The controller 100 performs a processing process for detecting the actual size of the organ or lesion in the medical image, and outputs the result to the display 114 through the display controller 112 or through the external device interface 110. Send to the outside.

The memory unit 106 stores various information including a processing program of the controller 100. In particular, the memory unit 106 stores depth information a2 of organs or lesions according to the physical condition of the patient.

The user interface 108 receives various commands or information from a user and provides the same to the controller 100. Information provided from the user may be the physical condition of the patient or identification information of the patient and the organ or lesion.

The external device interface 110 interfaces between the external device and the controller 100, and the external device may be a CT (computer tomography) device, an ultrasound imaging device, a database, or the like, which provides depth information of a patient's organ or lesion. It may be a database for storing long-term information provided from the controller 100 or a printer for printing.

The display controller 112 displays the information according to the control of the controller 100 through the display 114.

The display 114 displays various types of information under the control of the control unit 100 through the display controller 112, and the various types of information include actual size information of an organ or a lesion of the patient.

The first signal processing unit 102 provides the control unit 100 with imaging information according to gamma ray response provided from the scintillator 116. The imaging information includes information IM in which an organ or lesion OB is enlarged.

The second signal processor 104 provides the distance measurement information from the distance measuring device 120 to the controller 100.

The distance measuring device 120 is installed in close proximity to the pinhole 118, and measures the distance a1 from the installation position to the skin SK using a laser or ultrasonic wave, and calculates the distance information according to the second information.

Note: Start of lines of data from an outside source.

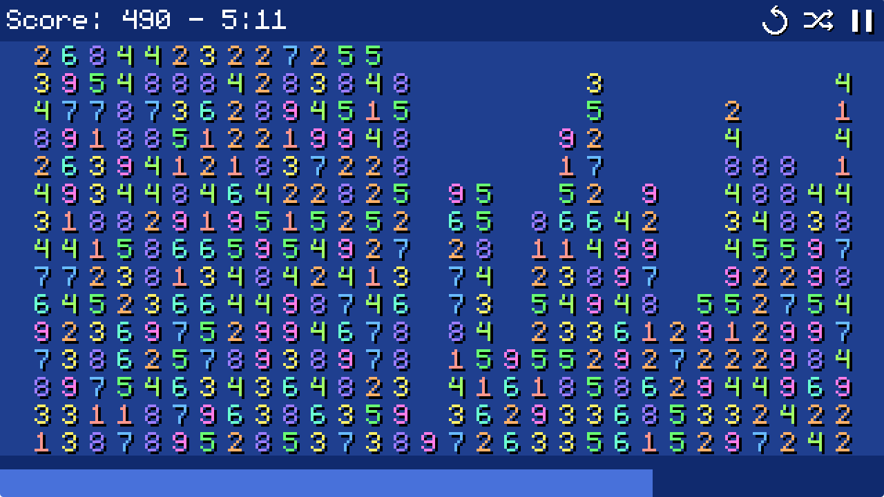 A simple but addictive puzzle game. Your mission is to match numbers such that they add up to 10. Simply tap and drag to make a selection and make sure the numbers add up to 10!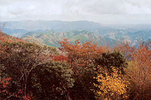 頂上が切り立った岩峰なので、空を突き刺すような勇ましい姿に見えるのが、嶽の森山です。古座川の名勝地「一枚岩」の少し上流に、登山口はあります。石英祖面岩が地表に噴出した成り立ちを持つ嶽の森山、だから登山道では至る場所で見事な岸壁に塞がれることもしばしば。それも一興にしてしまう嶽の森山は、トレッキングには最適な山といえるでしょう。特に、ナメ床状の沢道を足形の窪みに沿って山上の峰に上がる時には、日頃の鍛錬が実力を発揮します。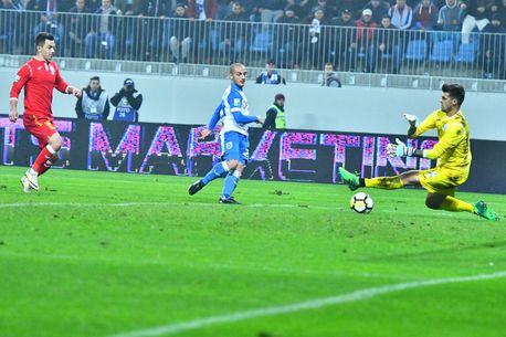 Min. 45+1 GOOOL CS U Craiova! Mitriță reușește dublă, după o pasă a lui Mihai Roman. Jucătorul adus de la Pescara a accelerat în interiorul careului, după care a șutat la colțul lung, fără speranță pentru Drăghia.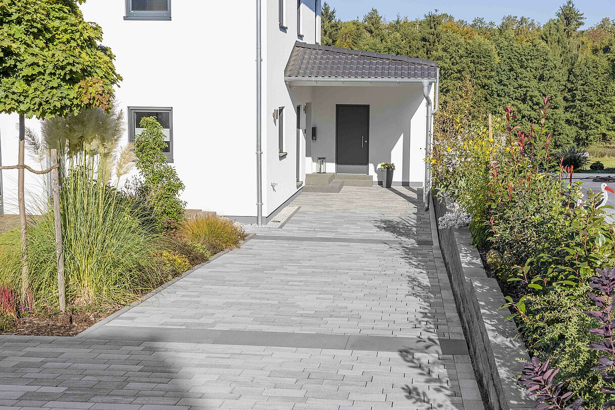 Hydropor Lukano KlimaPlus vereint die besten Eigenschaften, die ein Pflastersystem für eine klimafreundliche Gestaltung haben kann: Durch seine breiten Längsfugen kann Regenwasser versickern und so schützt es den Wasserkreislauf. Zudem enthält es 90 % weniger Zement und spart somit bis zu 60 % CO2 in seiner Herstellung. Gut geeignet ist es für versiegelungsfreie Einfahrten, Höfe und Wege in den Stilen – klassisch, modern oder Landhausstil.

The signal processor 104 is provided to the controller 100.

The pinhole 118 enlarges and transmits gamma rays emitted from an organ or lesion OB located in the skin SK to the scintillator 116.

The scintillator 116 forms imaging information in response to a gamma ray that is enlarged and transmitted through the pinhole 118.

Now, a method of detecting an actual size of an organ or a lesion in a medical image according to a preferred embodiment of the present invention will be described in detail with reference to the flowchart of FIG. 3.

The control unit 100 checks whether an actual size detection for an organ or a lesion is requested through the user interface 108 (step 200).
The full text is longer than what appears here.